- _WORK REQUEST_: Copy, word for word, the lines below from the one containing "Kuva 7. Linnanmäki" up to and including the one containing "ที่ทำการไปรษณีย์เมืองหิมะ", with pictures left out.

- _RECORDS_:
•••

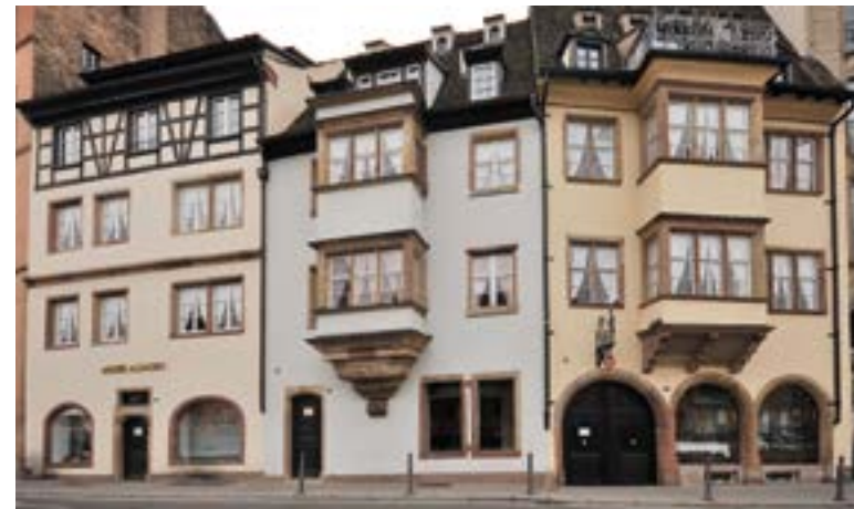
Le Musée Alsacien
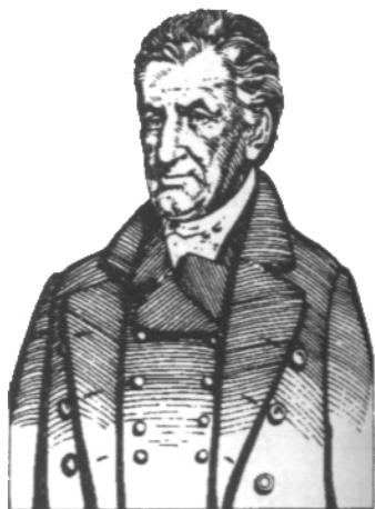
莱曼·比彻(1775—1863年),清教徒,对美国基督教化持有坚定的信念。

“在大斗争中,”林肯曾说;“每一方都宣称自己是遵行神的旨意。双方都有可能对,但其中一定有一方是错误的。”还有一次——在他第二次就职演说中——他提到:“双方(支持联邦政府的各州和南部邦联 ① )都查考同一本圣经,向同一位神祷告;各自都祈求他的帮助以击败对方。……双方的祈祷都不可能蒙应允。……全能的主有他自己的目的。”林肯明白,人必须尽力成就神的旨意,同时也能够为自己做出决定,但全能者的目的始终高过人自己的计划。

•••

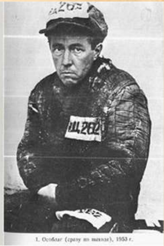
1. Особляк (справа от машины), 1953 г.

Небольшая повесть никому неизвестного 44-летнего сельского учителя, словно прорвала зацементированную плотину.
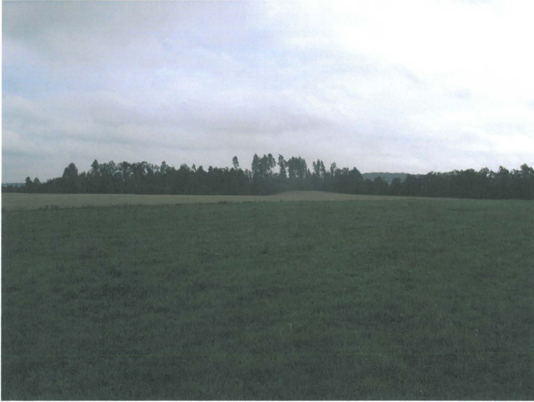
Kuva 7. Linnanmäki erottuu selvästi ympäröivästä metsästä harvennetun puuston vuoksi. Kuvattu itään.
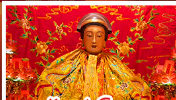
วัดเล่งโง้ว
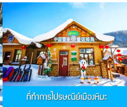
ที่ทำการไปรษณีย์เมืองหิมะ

•••

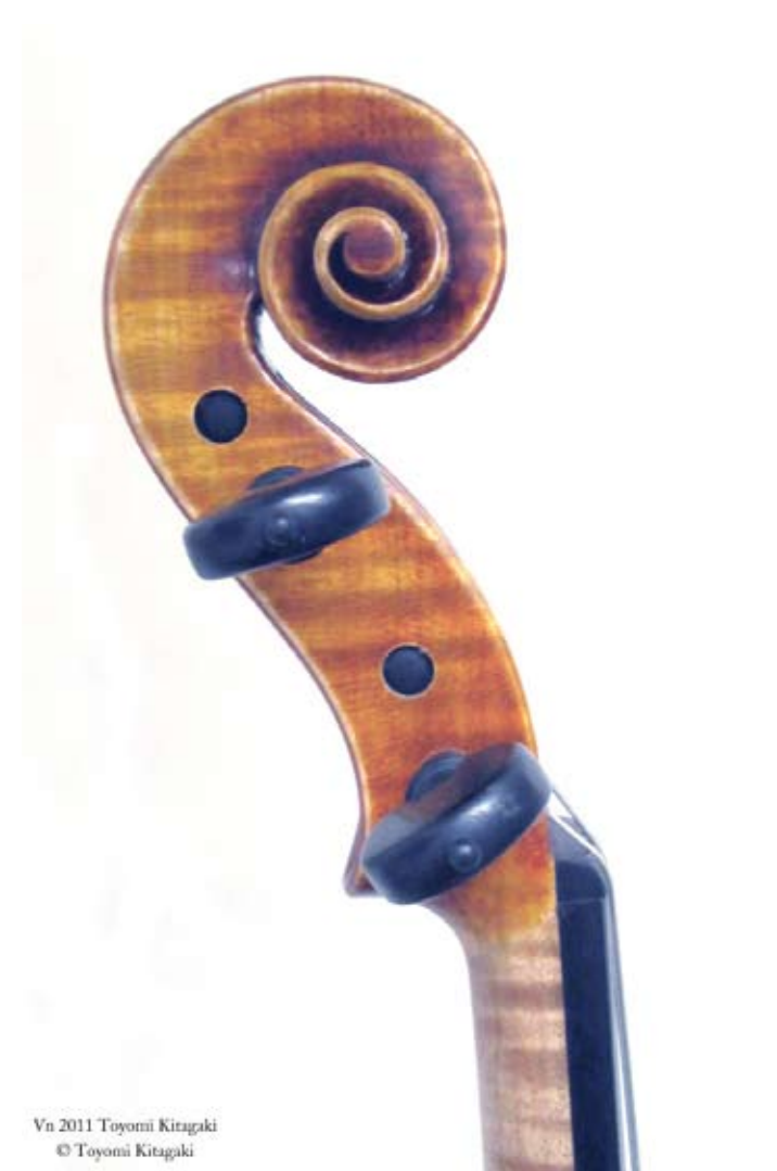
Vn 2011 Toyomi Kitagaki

•••

- _EXERCISE RESPONSE_:
Kuva 7. Linnanmäki erottuu selvästi ympäröivästä metsästä harvennetun puuston vuoksi. Kuvattu itään.
วัดเล่งโง้ว
ที่ทำการไปรษณีย์เมืองหิมะ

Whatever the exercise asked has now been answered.